Step 1: Conduct a comprehensive literature review on risk factors and video analytics algorithm for near-miss detection
We plan to carry out a comprehensive literature review on types of risk factors that make significant contributions to the crash risk (particularly near-misses related to vulnerable road users). This literature review helps collecting necessary datasets for building robust SPFs to estimate crash risk for streets in the following task. In addition, we will review the approaches of detecting incidents from the video data, which could help improve our algorithm in detecting near-miss cases from the camera videos.

Step 2: Data collection and video processing for near-miss incidents
In this step, we will collect the related datasets which could benefit our safety performance function estimation from multiple data sources. Table 1 lists potential datasets that could be applied in this research project. Furthermore, we plan to carry out video processing with advanced deep learning techniques to detect the near-miss incidents from the camera videos from selected intersections.

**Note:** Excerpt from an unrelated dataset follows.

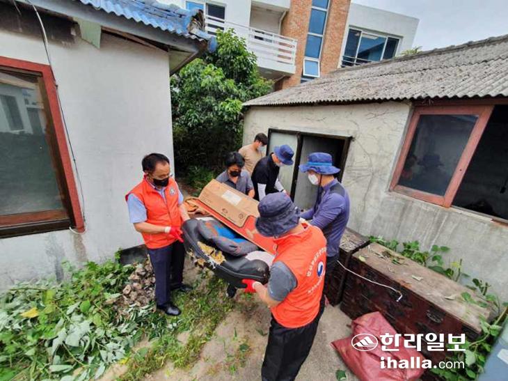 20일 제주보호관찰소와 제주보호관찰협의회 제주시서부지구(회장 이병철) 관계자 10명은 제주시 애월읍의 한 폐가에서 주거환경개선을 실시하고 있다.

The result of the number of near-miss incidents and driving factors could be either used to improve the SPFs or validate the estimated SPFs.

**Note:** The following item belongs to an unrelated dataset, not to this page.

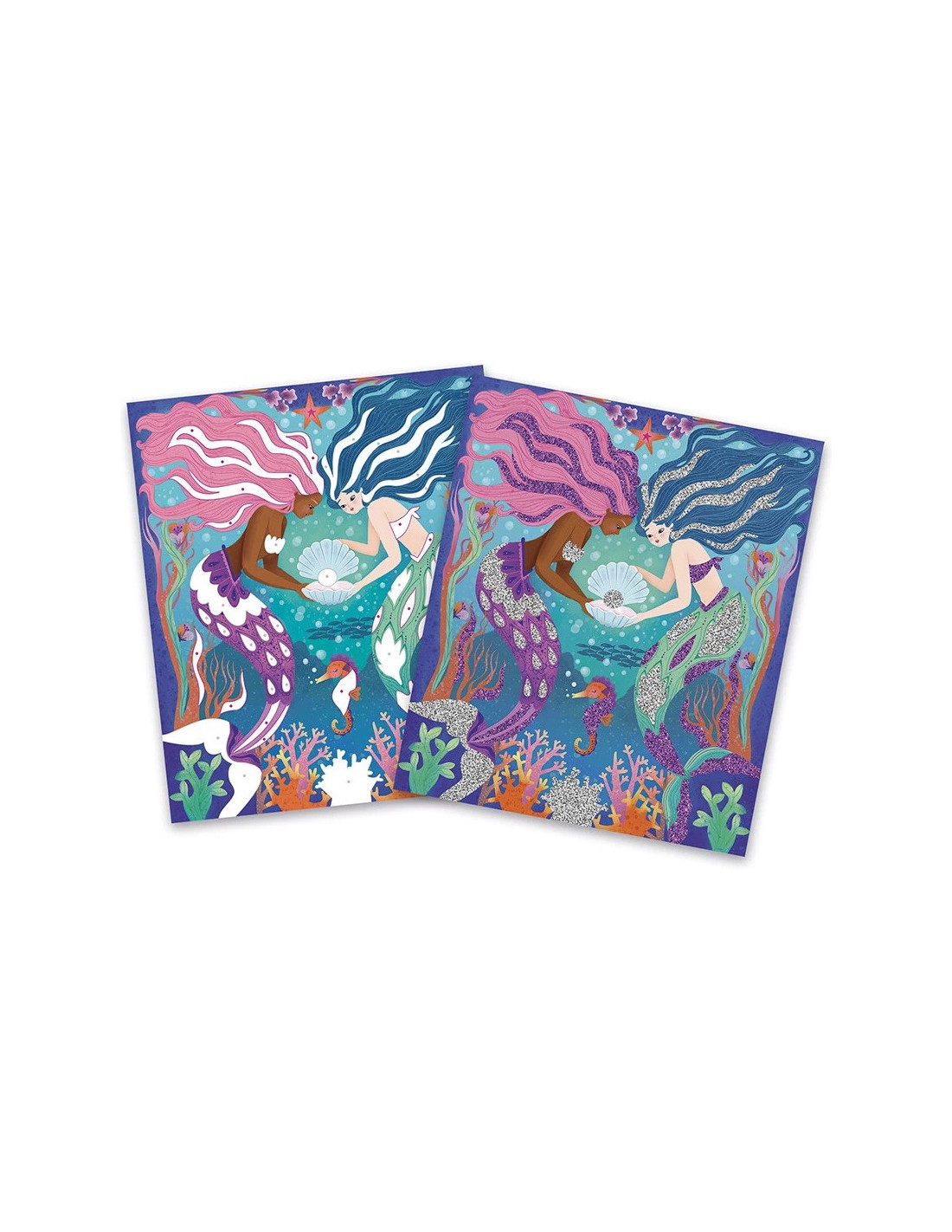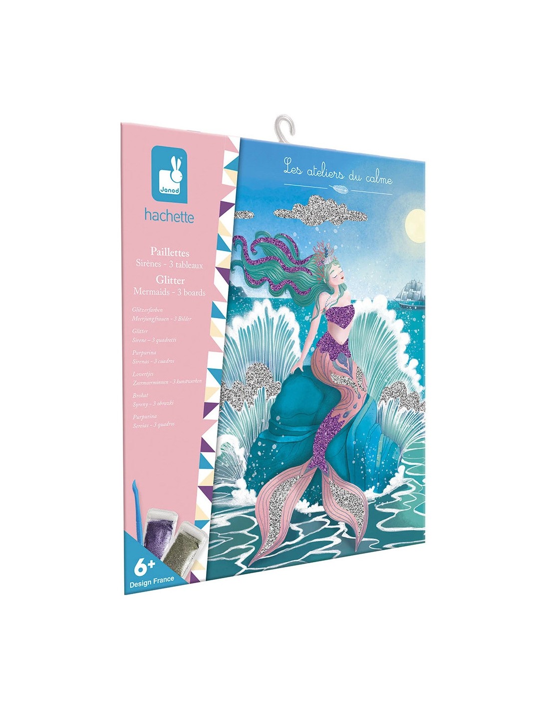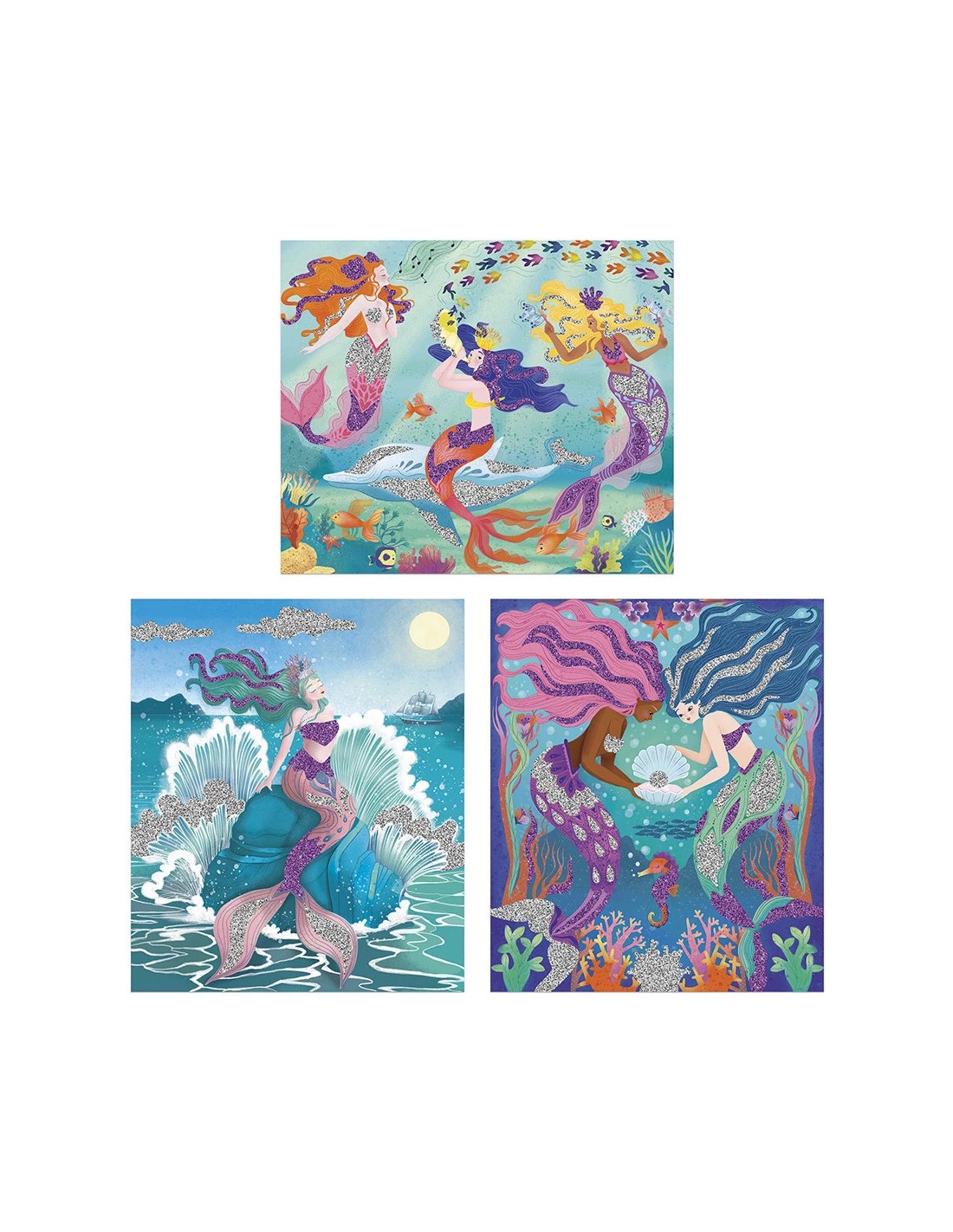 Plongez dans le royaume des sirènes et révélez sa magie scintillante ! Ce kit créatif est idéal pour les enfants à partir de 5 ans. En déposant progressivement les paillettes sur les illustrations fournies, ils développent leur créativité et leur dextérité, mais aussi leur patience. Trop malin, les paillettes se rangent dans des sachets à zip refermables pour les garder bien à l'abri entre deux créations ! D'ailleurs, l'embout "cuillère" de l'outil fourni permet de les remettre facilement à l'intérieur. Pour guider les enfants pas à pas dans la réalisation de l'activité, un livret est inclus ! Ce coffret créatif permet de décorer 3 tableaux sur le thème des sirènes à l’aide de zones autocollantes à recouvrir de paillettes biodégradables. L'enfant se muni de l'outil et utilise la pointe pour décoller le papier qui protège les zones à décorer. Et il ne reste plus qu'à y déposer les paillettes : un joli résultat qui illumine et fascine les petits comme les grands ! La pochette contient : 3 tableaux de 21 x 25 cm, 2 sachets de paillettes (argent et violet), 1 outil en plastique avec 2 embouts différents et 1 livret explicatif. Entre la découverte d'un trésor des mers, un soir de pleine lune au coeur des vagues et la mélodie envoûtante des sirènes qui chantent et jouent pour l’océan, laissez-vous embarquer par leur monde merveilleux et féérique ! Issu de la collection "Les Ateliers du Calme", cette activité est parfaite pour proposer un temps relaxant à votre enfant. À vos paillettes les artistes !

Table 1. Source and year of the datasets
Dataset	Data source	Year
High injury network	City of Pittsburgh	-
Crash data	PennDOT	2017-2023
UPMC urgent care	UPMC	In request
Police traffic stop report	City of Pittsburgh	2018-2022
311 near miss report	City of Pittsburgh	2019-2023
911 Dispatch data	WPRDC	2015-2022
Network of bike facilities	City of Pittsburgh	-
Built environment data	EPA	-
Socio-demographic data	NHGIS	-
Waze data	Waze for Cities	2018-2024
Cyclists’ waypoints and distances to vehicles	Velo.ai	2022-2024
Camera video from selected intersections	City of Pittsburgh	In request
Strava pedestrian and bicyclist count data	Strava Metro	2023-2024

Step 3: Estimate SPFs with both statistical and machine learning modeling approaches
We will estimate two sets of SPFs for motorized crash risk and non-motorized crash risk, respectively, with the data collected and processed in Step 2. We plan to apply both statistical (e.g., linear regression, Poisson regression, and Negative Binomial regression) models and machine learning models (e.g., random forest, gradient boosting decision tree, and neural network). We will compare the model performance and select the best one as our final model,

Step 4: Develop a crash map for all street segments in Pittsburgh, compare it with the original high injury network, and prioritize high-risk locations
We plan to use the estimated SPFs to predict the expected crash risk (both motorized and non-motorized) for all streets in the city of Pittsburgh and develop a crash map dashboard. We will compare the crash risk with those estimated in the high injury network and find the differences. We will explore the sources of bias and study how to improve crash risk estimation. Finally, we will rank the locations and prioritize high-risk ones for further examination.


    
Description

    
Timeline

    
Strategic Description / RD&T
Section left blank until USDOT’s new priorities and RD&T strategic goals are available in Spring 2026.
Deployment Plan
July – September 2024
1.	 Briefs and Demos to the City of Pittsburgh, UPMC and Velo

October – December 2024
1.	 Briefs and Demos to the City of Pittsburgh, UPMC and Velo

January – March 2025
1.	Briefs and Demos to PennDOT
2.	Briefs and Demos to other areas, such as FHWA Turner-Fairbank research center

April – June 2025
1.	Briefs and Demos to the City of Pittsburgh, UPMC and Velo
2.	Develop research report.
3.	Develop a prototype dashboard web-GIS application for the City
4.	Develop policy brief for legislators.

We will work closely with the City of Pittsburgh to implement this research, and potentially extend the work in other regions as well. The team consisting of the PI, research scientist and phd students will hold a bi-weekly coordination calls with the City, Velo.ai and UPMC doctors to discuss difficulties encountered and proposed solutions, and to outline plans for completing the scope of work, key milestones and deliverables. When performing the tasks, we will together meet with project managers, engineers and staff at those state agencies who provides feedback/comments for each month, to ensure the model development and testing are consistent with the City of Pittsburgh DOMI's view, and the tasks are aligned with the partners’ needs.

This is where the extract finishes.